In Suichang gold mine, the altered rock type gold deposits were cut by faults and joint fissures, leading to complex resource endowment characteristics, large changes in occurrence, a serious complex of ore vein branches and great difficulty in mining. In order to select a suitable mining method for such a difficult and complicated orebody, a multi-factor and multi-index comprehensive evaluation system involving benefits, costs, safety and other aspects was constructed by using the Pythagorean fuzzy sets and TOPSIS method.
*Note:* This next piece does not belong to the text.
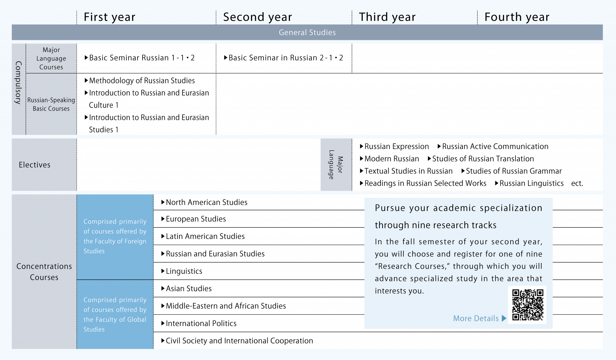 Students learn the basics of the Russian language in detail during their first and second years of study. The Basic Seminar Russian course consists of six lessons, 600 minutes per week, with first-year students taking Comprehensive, Conversation, and Grammar classes, and second-year students taking Drill, Conversation, and Reading classes, all of which are taught by native Russian speakers. In the third and fourth years, students study intermediate to advanced Russian language courses to acquire advanced communication skills. In the first year, students take courses such as Basic Russian Language Courses, which aim at understanding Russian ideas as well as the politics, economy, culture, and art of Russia and Eurasia, leading to specialized studies in one of nine research courses.

Taking Suichang gold mine as an example, the weighted aggregation evaluation matrix was constructed, the closeness index of the four mining schemes were 0.8436, 0.3370, 0.4296 and 0.4334, and the mechanized upward horizontal layering method was determined as the optimal scheme. This method overcame the fuzzy comparison of economic and technical indicators directly, but converted them into corresponding fuzzy numbers to obtain accurate closeness index for optimization. The application of this method not only ensured a safe, efficient and environment-friendly mining effect, but also provided a reference for the optimization of the mining scheme of the severely branched composite orebody.

Suggested Citation

  • Shuai Li & Qi Huang & Boyi Hu & Jilong Pan & Junyu Chen & Jianguo Yang & Xinghui Zhou & Xinmin Wang & Haoxuan Yu, 2023. "Mining Method Optimization of Difficult-to-Mine Complicated Orebody Using Pythagorean Fuzzy Sets and TOPSIS Method," Sustainability, MDPI, vol. 15(4), pages 1-20, February.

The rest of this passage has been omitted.